Philippe Chauveau : Voyager, rencontrer des gens faire un lien entre le passé et le présent, tout ça par l'écriture...

François-Guilllaume Lorrain : Oui, travailler sur les traces, travailler sur les vestiges, voir comment des petits bouts, des petits indices, parlent d'un événement passé sont encore... On peut les retrouver, les faire parler, les expliciter, et voir ce qu'elles nous disent pour le présent.

Philippe Chauveau : Pourquoi le choix de l'écriture ?

François-Guillaume Lorrain : En faite c'est pas un choix, c'est quelque chose qui s'impose. J'ai fait mes devoirs d'étudiants, j'ai fait les grandes écoles, j'ai fait normal sup, mais j'étais pas du tout fait pour l'écriture universitaire. Je me souviens, j'étais attaché à ma chaise, pour écrire ma maîtrise à l'époque, pour pouvoir passer la Greg, et j'étais pas du tout à l'aise sur l’idée de reprendre, les textes des autres. Il y avait déjà une petite voix qui perçait, et dès que je suis partis j'ai voyagé avant de me fixer à Paris, j'ai travaillé pour le Quai d'Orsay, et dès que je me suis retrouvée à Berlin à 20 ans, j'ai commencé à écrire un roman comme ça.
Et après pourquoi l'écriture, on le sait, on le devine après, au fur et à mesure des livres...

Philippe Chauveau : Alors ce qui est incroyable et vous l'expliquez, lorsque l'on suit votre parcours, à travers les livres que vous publiez que ce soit les romans ou les essais, on vous découvre en filigrane, le cinéma avec ce livre « Les enfants du cinéma », ou « L'année des volcans » qui avait été l'un de vos où vous nous parliez de Roberto Rossellini, d'Ingrid Bergmann ou d'Anna Magnani, il y a aussi « L'élève troublé » ou « L'homme de Lyon », aujourd'hui « Vends maison de famille », où vous vous racontez et ça derrière l'écriture romanesque, mais pourquoi ce besoin finalement ?

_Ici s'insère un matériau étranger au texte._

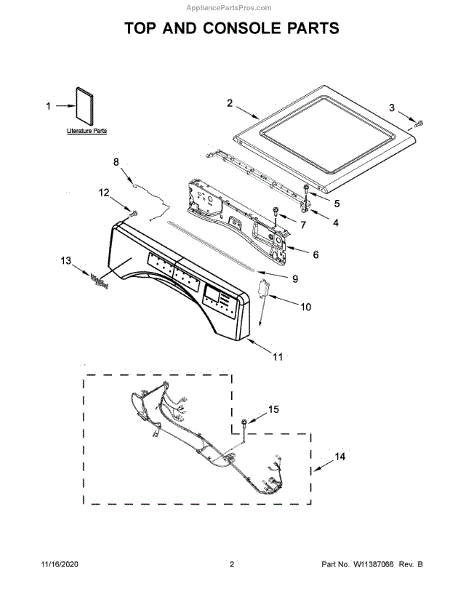 The Control Panel is an OEM part for Whirlpool dryers. It features a display screen, buttons, and controls that allow you to select different drying cycles, adjust temperature settings, and customize options such as timed drying or sensor drying.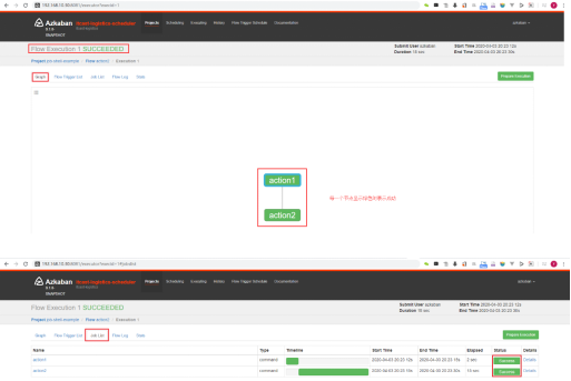 | 当工作流运行完成后,如果所有的节点都是绿色,就表示整个工作流运行成功了。有两种视图的形式,第一种是Graph的形式,第二种是Job List的形式。如下: |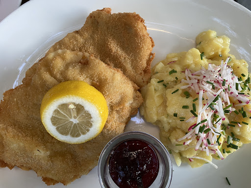 I really enjoyed the Schnitzel vom Schwäbisch-Hällischen Landschwein~Slices of pork marinated with mustard and horseradish, fried to a golden, yet tender crisp, with a generous squeeze of lemon depending on how you like it. You will find a small pot of berries on the side and I do suggest you drop a few on each bite! Served with a side of potato radish salad, and let me warn you, if you are looking for something sweet, this aint it! The radish gives this salad a spicy bite, what you are used to as “German Potato Salad” isn’t this at all and how wonderful is that! A must is always the red cabbage that is simmered in spices yet remains firm to the fork, and has a slightly sweet finish.

François-Guillaume Lorrain : Quand il y a des fractures, quand il y a des fêlures, quand il y a des silences immenses, quand il y a des non-dits, quand il y a des tensions, il y a un moment très tôt, une sorte de machine, à se fabriquer du sens, et donc à se fabriquer des histoires qui s'est mise en route tout simplement, au fil des ans elle s'élabore de plus en plus d manière complexe, et que ça donne lieux à des romans, bien sûr moi je pense, que même si das ce livre il est question d'un héritage, d'un lègue, en l'occurence une maison de campagne un peu particulière, je pense que ce que j'ai hérité véritablement ce sont des romans à écrire. Et c'est vrai que « Vends maison de famille » je clos une trilogie, vous avez parlé de « L'élève troublé », que j'ai écrit à 23-24 ans chez Fayard. Loin de moi l'idée de penser que j'écrirai deux livres qui suivraient 15 ans et 20 ans après, mais en tout cas « L'homme de Lyon » et celui là se répondent de manière très très consciente, c'est à dire, que quand j'avais terminé « L'homme de Lyon » qui est une enquête fictive sur l'enfance de mon père, c'est à dire que j'avais imaginé que mon père nous faisais remettre des lettres et des photos 10 ans après sa mort. Une fois l'écriture de ce roman, de cette enquête, pour essayer d'expliquer à la fois en résonance l'enfance de mon père et ma propre enfance, mais j'étais partis dans le passé et je me suis dit finalement, j'avais trouvé dans la fiction un résultat à l'enquête mais « and so what » et après qu'est ce que j'en faisais à la fin du roman, rien. Même si l’enquête avait été pour moi très amusante à faire. Et surtout j'avais un peu botté en touche, c'est à dire j'étais remonté dans le passé, pour pas variablement affronté, frontalement, l'enfance que nous avions eu avec ma sœur, donc j'étais allé chercher des explications.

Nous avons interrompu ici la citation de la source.